YOUR SOLIN GENERATED RECIPE
Grilled Chicken Thigh Salad with White Beans and Sweet Potato
Tender grilled chicken and roasted sweet potatoes tossed with white beans over spinach, finished with a bright and zesty lemon-herb vinaigrette.
INGREDIENTS
6 oz Boneless Skinless Chicken Thighs
1/4 cup Cannellini Beans
1/2 cup Roasted Sweet Potato cubes
2 cups Fresh Spinach
1 tsp Extra Virgin Olive Oil
1 tbsp Fresh Lemon Juice
PREPARATION
Preheat your grill or a cast-iron skillet over medium-high heat.
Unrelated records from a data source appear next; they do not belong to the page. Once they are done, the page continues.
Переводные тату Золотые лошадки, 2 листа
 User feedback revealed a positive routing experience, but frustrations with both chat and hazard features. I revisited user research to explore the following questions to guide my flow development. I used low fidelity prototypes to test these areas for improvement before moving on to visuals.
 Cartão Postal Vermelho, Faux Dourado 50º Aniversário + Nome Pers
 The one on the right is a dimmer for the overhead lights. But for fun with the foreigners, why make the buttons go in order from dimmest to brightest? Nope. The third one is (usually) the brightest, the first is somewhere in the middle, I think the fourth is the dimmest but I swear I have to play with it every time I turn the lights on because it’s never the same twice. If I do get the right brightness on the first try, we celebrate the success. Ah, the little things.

Season the chicken thighs with a pinch of sea salt, black pepper, and dried oregano.
Grill the chicken for 6 to 7 minutes per side until fully cooked and charred, then set aside to rest before slicing.
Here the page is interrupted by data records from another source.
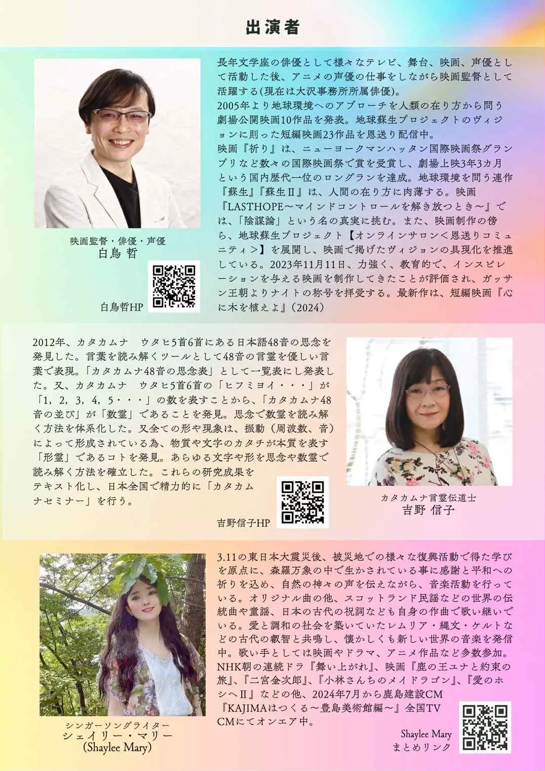 これまで地球への思いや意識、目指す方向性が同じで、それぞれの立場で活動を続けてきた、地球蘇生プロジェクトを運営する白鳥哲監督、カタカムナを通して調和の精神性を伝えてきた吉野信子、地球を守る龍や自然の神々の声を伝え、共に歌を歌うシンガーソングライターのシェイリー・マリー。
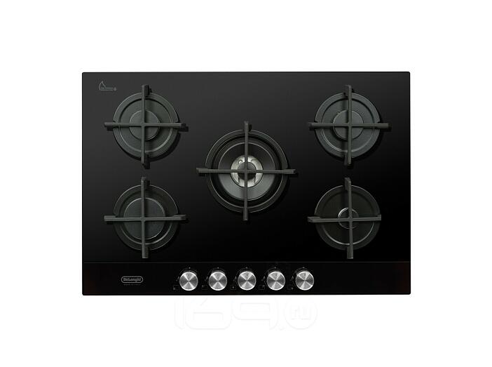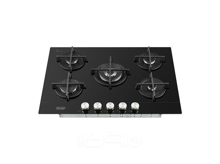 Газовая варочная панель DeLonghi, NSL 575 NC RUS, 75 см, с пятью конфорками, включая одну WOK- конфорку с двойным рядом пламени, одну конфорку повышенной мощности, две стандартные конфорки и одну экономичную конфорку. Варочная панель имеет керамическое стекло повышенной прочности и автоматический розжиг. Управление осуществляется с помощью фронтальной панели. В комплекте поставляются составные чугунные решетки и жиклеры для баллонного газа. Переключатели имеют серебристый цвет, а сама панель выполнена в черном стекле. Размеры варочной панели составляют 52 см в ширину, 75 см в длину и 51 см в высоту,
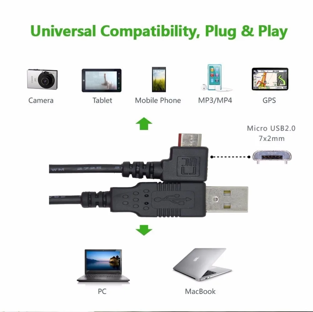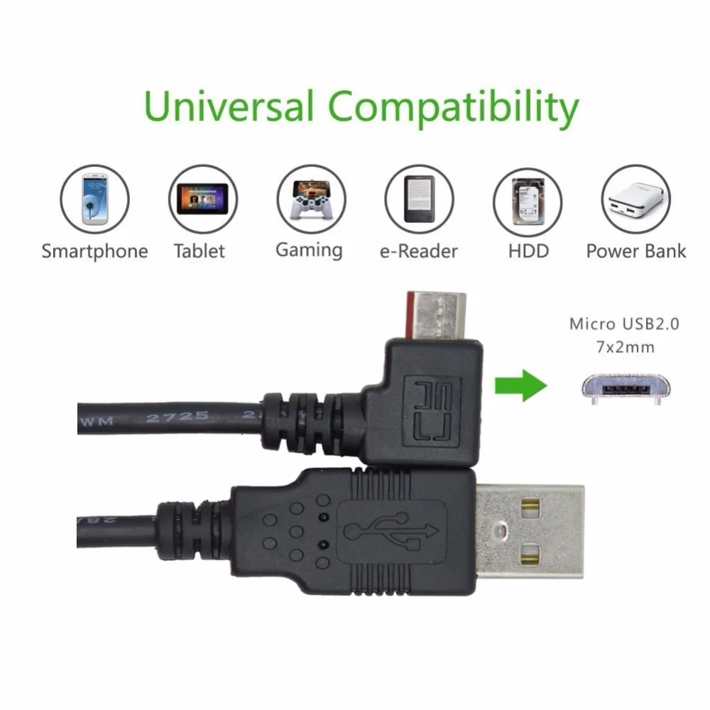 Comprar Cable Micro USB a USB macho a macho, Cable de carga de datos, 1M, ángulo recto de 90 grados, para cámara, teléfono inteligente, tableta, Samsung, Nokia, 2 uds.

Toss the cubed sweet potatoes in a small amount of oil and roast at 400°F for 20 minutes until tender.
In a small jar, whisk together the lemon juice, olive oil, and a pinch of salt to create a simple vinaigrette.
Place the fresh spinach in a large bowl and top with the rinsed cannellini beans, roasted sweet potatoes, and sliced chicken.
Drizzle the lemon-herb vinaigrette over the salad and toss gently to combine.